By Mark Piesing
Many of the technologies and techniques that SMEs will be using to protect their data in 2020 will seem like they belonged in Star Trek only a few years ago. Artificial intelligence in all its forms will help defeat cyber attacks. Cloud computing will allow SMEs to store their most sensitive data beyond the hackers’ reach. Even blockchain technology will help validate the identities of people you want to work with.
Yet despite all the tech, good quality training may still be one of the most effective weapons in the cyber armory of many small businesses. One of the key cyber security techniques SMBs will need to employ is the shift in focus from preventing attacks to predicting them, managing the response and then clearing up afterwards.

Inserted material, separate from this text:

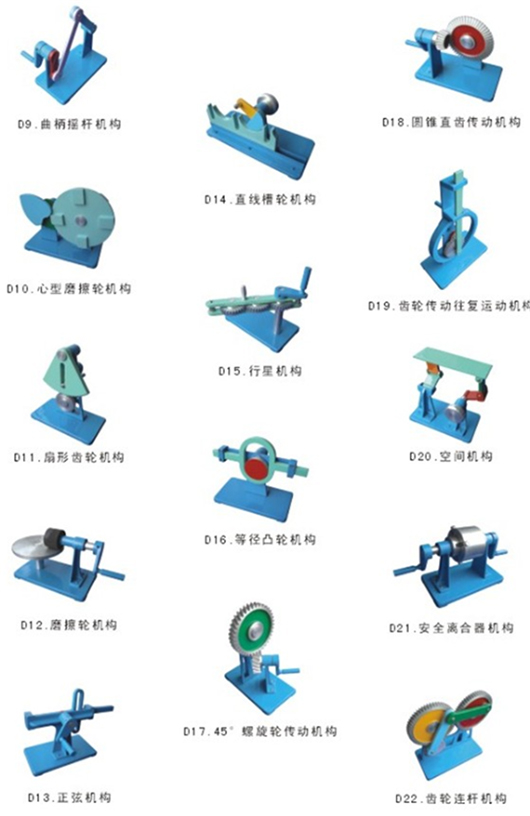2.機械運動簡圖的測繪及分析實驗模型系列產品分為JCF-A型(測繪及分析實驗模型基礎型)、JCF-B型(測繪及分析實驗模型基礎型)、JCF-C型(創新型測繪及分析實驗模型)和JCF-D型測繪及分析實驗模型(綜選型),每大類型中精選配置典型的機構模型。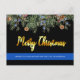 Send Merry Christmas greetings to friends, family, fellow law enforcement departments and your community with this unique Thin Blue Line Police Merry Christmas Card - Modern black and blue with holly leaves and berries with gold script. Personalise with message and family name . COPYRIGHT © 2020 Judy Burrows, Black Dog Art - All Rights Reserved. Police Merry Christmas Thin Blue Line Holiday Postcard

‘Take the money you’re spending on prevention and begin to drive it more equitably to detection and response,’ says Earl Perkins, research vice president, Gartner. ‘The truth is that you won’t be able to stop every threat and you need to get over it.’
Automation will be one of the key technologies that will enable SMEs to shift their focus in this way. If the SME has any IT staff, managing threats by hand can consume their entire day. Now they will be able to work on other projects.

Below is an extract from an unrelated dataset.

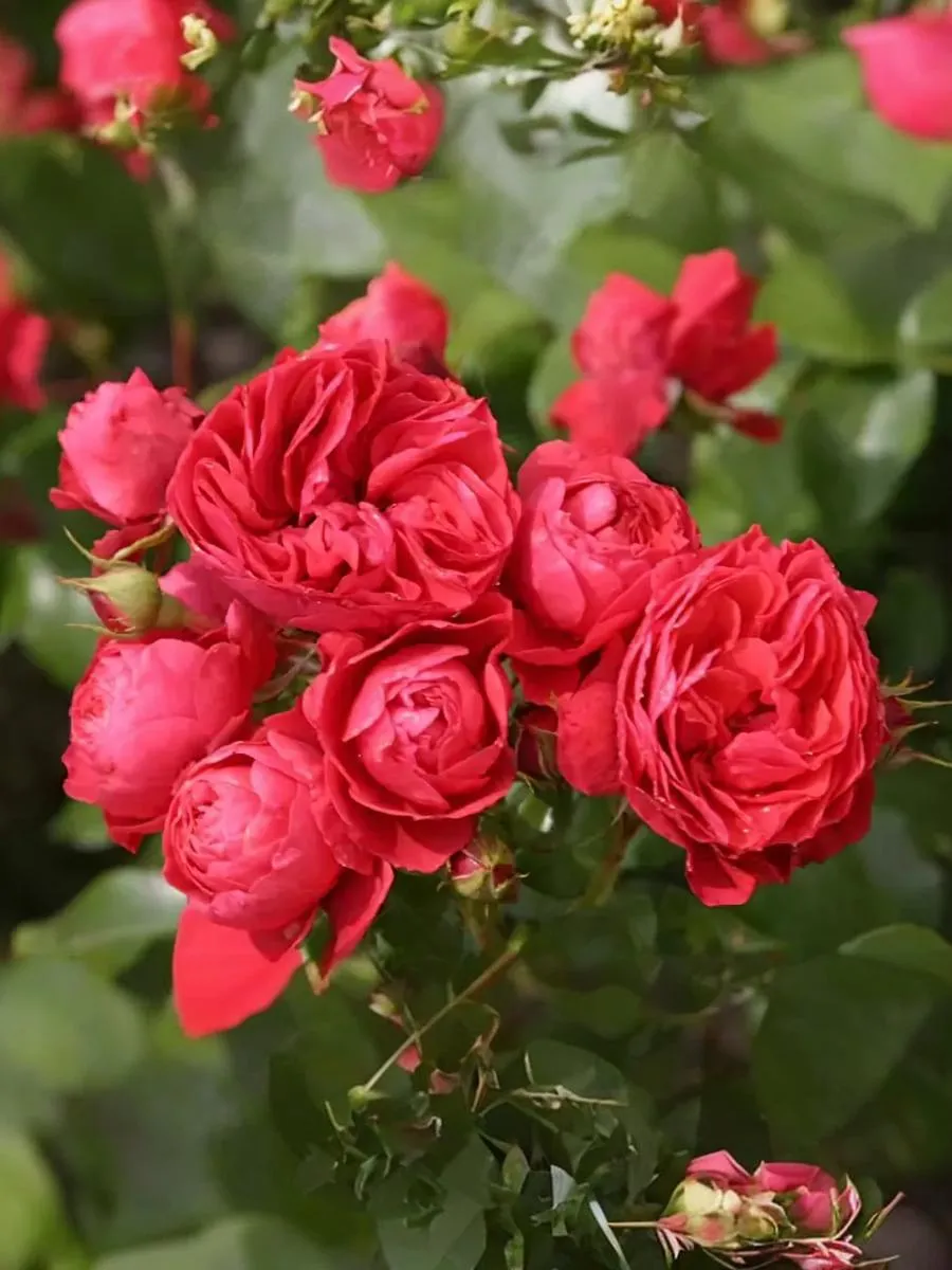 Данный сорт имеет вишнево-красные, густомахровые (до 60-70 лепестков), чашевидные цветки классической формы появляются в небольших кистях из темно-красных, округлых бутонов. Аромат легкий. Куст компактный, вертикальный, плотный, с темно-зеленой, сильно глянцевой листвой. Высота: 80-100 см

Automation will have this effect because it allows data to be collected from company mobile phones to the cloud in real-time. One person will then be able to see all this telemetry on one screen. They will be able to see the signs of emerging threats and initiate a response so fast that they may be able to prevent the attack.
Machine intelligence will take this to the next level. This form of AI will enable SMEs for the first time to predict the next attack on their system quickly and cheaply. Despite the rise of automation, penetration tests today are still run by humans. By 2020, about 10% of these authorised simulated attacks will be run entirely by smart machines and at the speed of a real attack.
Over the next two years, deception technologies that use deceits, decoys and tricks to throw off an attacker and confuse their automated weapons will become a key tool that SMEs will use to protect their security. By using this same technology behind their firewalls, SMEs should be able to deal with attackers who penetrate their defences.
Cloud computing will continue to help SMEs in their fight against cybercriminals. It will help SMBs in this way – for the simple reason that they are shifting responsibility for the security of their data from small organisations with few specialist staff to cloud providers that are specialists in this area. While this might not be news, the kind of data they store will be, and the control they have over it certainly will be.
Up to now, SMEs have often been reluctant to store their most sensitive data in the cloud. Instead, it’s been left on their own, more vulnerable, servers. This reluctance stems from the belief that cloud providers cannot be fully trusted.
Over the next three years, SMEs should expect more openness from cloud providers to build the trust needed to move their most sensitive data upstairs. They should also expect more control over the security of their data than they currently get.
The bottom line is that with more data in the cloud in the coming years, there should be a reduction in data lost from SMEs on earth.
“The rise of the internet of things (IoT) will present many SMEs with a new challenge,” says Greg Mosher, Vice President of Product and Engineering, AVG Business by Avast. “Many devices connected to the IoT are just not secure enough, and this will put a lot of priceless data on their networks at risk.”
Small businesses will have to get used to going-back to basics when it comes to IoT, like changing the default passwords used on IoT devices, making sure they know which devices in the office are connected to the internet, and spending more money on the connected devices they buy.
“The decision to buy more expensive is hard when the printers and TVs can be so cheap,” he adds, “but SMEs need to be aware of one simple rule: the cheaper a device is, the more insecure it is likely to be.”
Most successful attacks on SMEs begin when one of the staff members goes on the public internet that we all use. Browser-based attacks are the most likely. Over the next few years, SMEs will be able to isolate the browser function on the employer’s computer from the networks they are on. This isolation trick won’t entirely remove the risk, but it will reduce it significantly.
The use of blockchain technology may be one of the biggest technological changes facing SMEs over the next few years. Blockchain is the secret behind bitcoin. It is an open digital ledger in which, for example, changes to digital identities can be recorded chronologically and publicly on many different computers. Its decentralised nature makes fraud much harder, its supporters claim.
In the end, despite all the sci-fi-sounding technology, most breaches in SMEs’ defences are down to human error. Over the two years to 2020, training is going to become ever more important for SMEs.